Thinking of picking up some Boraras rasbora spp. in the next few months and thought I'd do some homework.

Just looking for any little bits of advice for the prospective keeper. 

Also being a bit nosey so would love to see any photos you might have of them/their tanks.

Thanks in advance


----------



## Lindy (30 Apr 2016)

I have them I would say keep them in the largest numbers you have space for. I have about 40. They are voracious feeders! I love watching mine. They are in my 200l tank "gourami gloaming " at the moment but will be going into a 500l tank so will double the numbers. I have boraras brigittae(and it's lookalike) and maculatas which are a little bigger. I prefer the smaller ones.

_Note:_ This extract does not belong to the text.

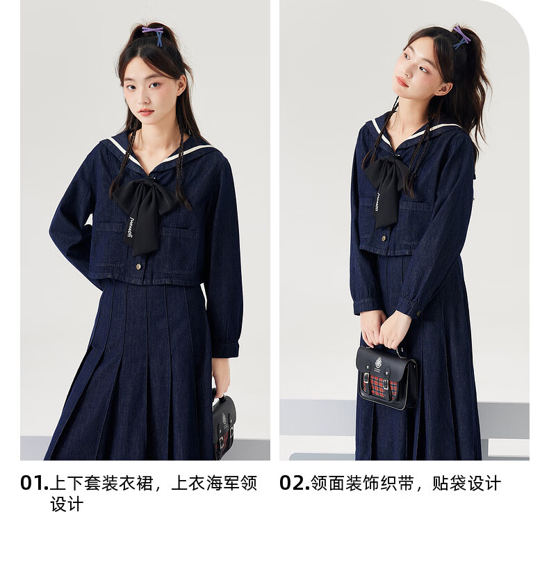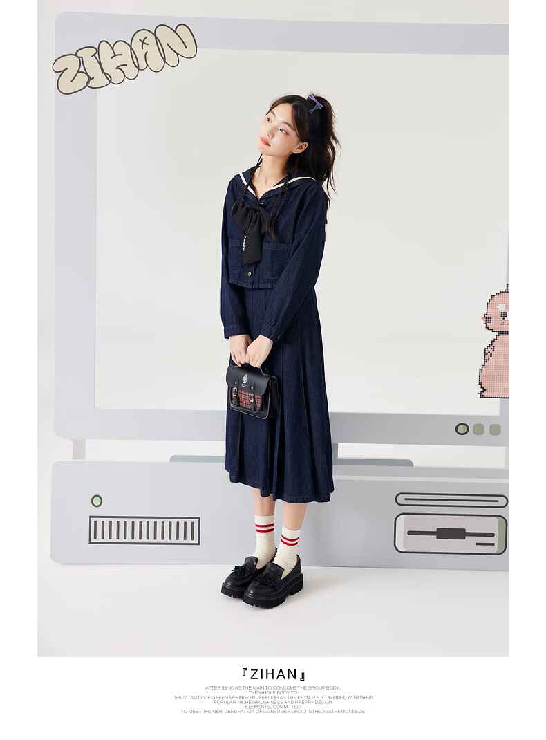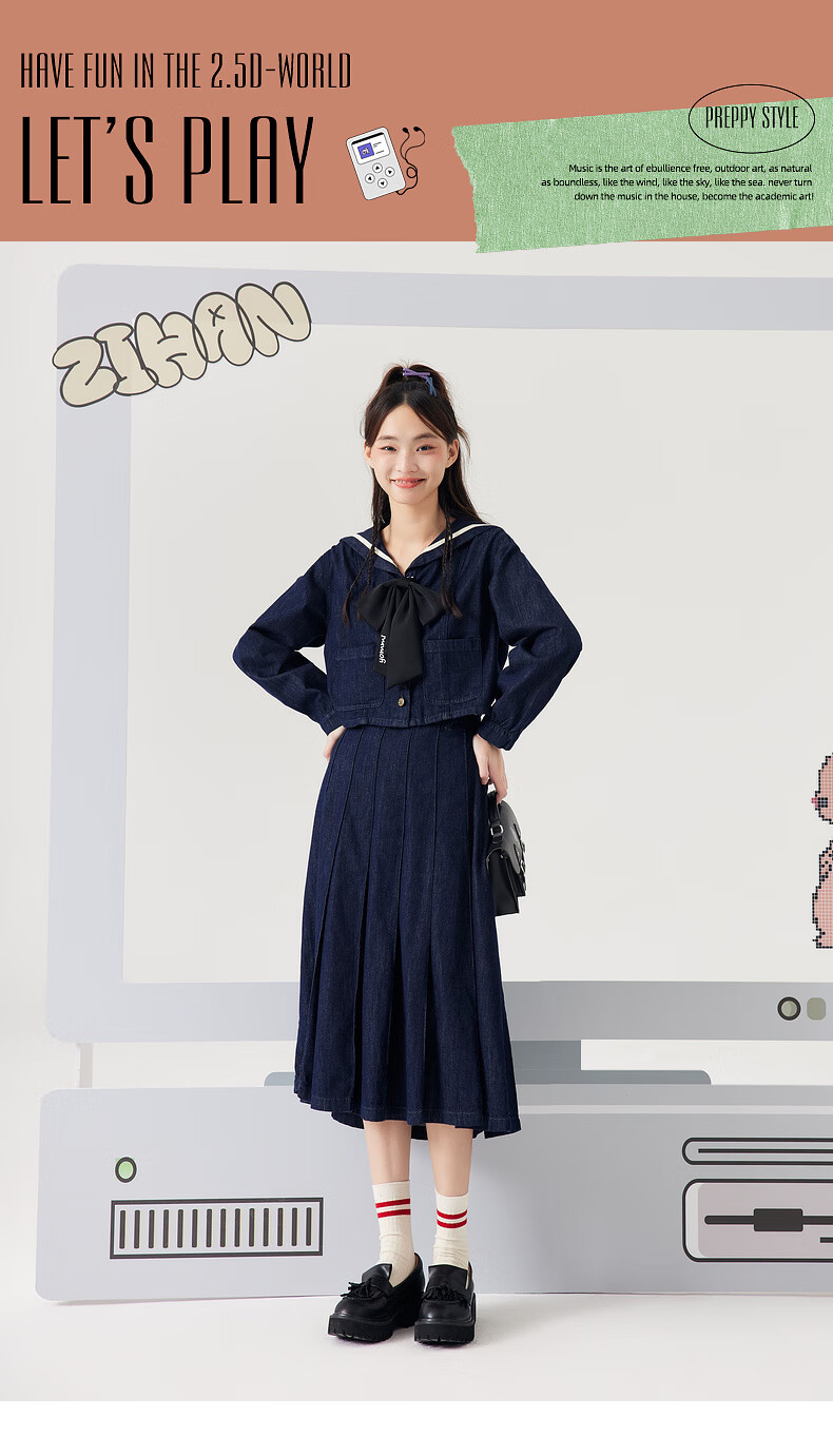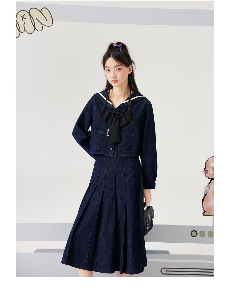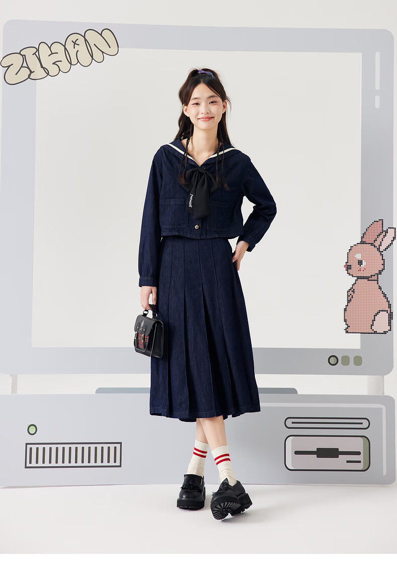 Zihan (ZIHAN) Zihan navy collar top + pleated high waist mid-length skirt for women spring college style fashion suit denim blue S

Sent from my SM-G920F using Tapatalk


----------



## Lindy (30 Apr 2016)

Oh and cover your filter intake with sponge or similar. Mine went for a wee trip into my external  

Sent from my SM-G920F using Tapatalk


----------



## zozo (30 Apr 2016)

+1 for Lindy, same here larger number only displays more natural behaivor..  I'm housing 30 at the time a mix of Maculatus and Urophthalmoides. Adding a floater like Hygroryza aristata with a larger root structure only contributes to its natural behaivor and color. They love to forage in roots of floating vegies and stay dominantly closer to the surface it makes them feel a lot safer.. Before this floater was added i only had a little salvinia i saw them going up and down the side panels alot.. Adding a more dense surface layer took that behaivor away.. If you mix 2 spieces they school together, but it's funny to see often they seprate in 2 distinct groups before mixing up again.


----------



## WaterLife (30 Apr 2016)

I was considering putting a large group of them in a 125 gallon heavily planted tank. Was thinking of just doing one Boraras species, because I would think they would likely end up breeding in the thick vegetation.
Anyone notice any behavioral differences between all the Boraras species?
I've heard of some being more timid, some a tad bully-like, some more active than others, etc. And in your opinion which are the most colorful (I'm leaning toward red/orange color ones)?


----------



## Lindy (30 Apr 2016)

My brigittae chase the maculatas despite being smaller 

Sent from my SM-G920F using Tapatalk


----------



## zozo (30 Apr 2016)

Color probably depends very much on diet and lighting and how they feel in the tank, the males are usualy the most colorfull during mating periods.. I believe the brigatae is the most redish of all if it gets all it needs. The urophthalmoides has a neon stripe, which can look very good if you use dimmed lights for the night time, but aint very colorfull for the rest.. Most of them in the lfs can look very pale and unappealing in color, this can take quit some time before this improves.  I got all my urophthalmoides as pale as albinos, after 6 weeks now this inmproved by 50% but yet not all fully in the color they should be..


----------



## AKD594 (30 Apr 2016)

Jealous of the large shoals ldcgroomer/zozo.
Thinking of keeping a conservative 12 in a nano, only have a HOB so ill just turn the flow down a bit


----------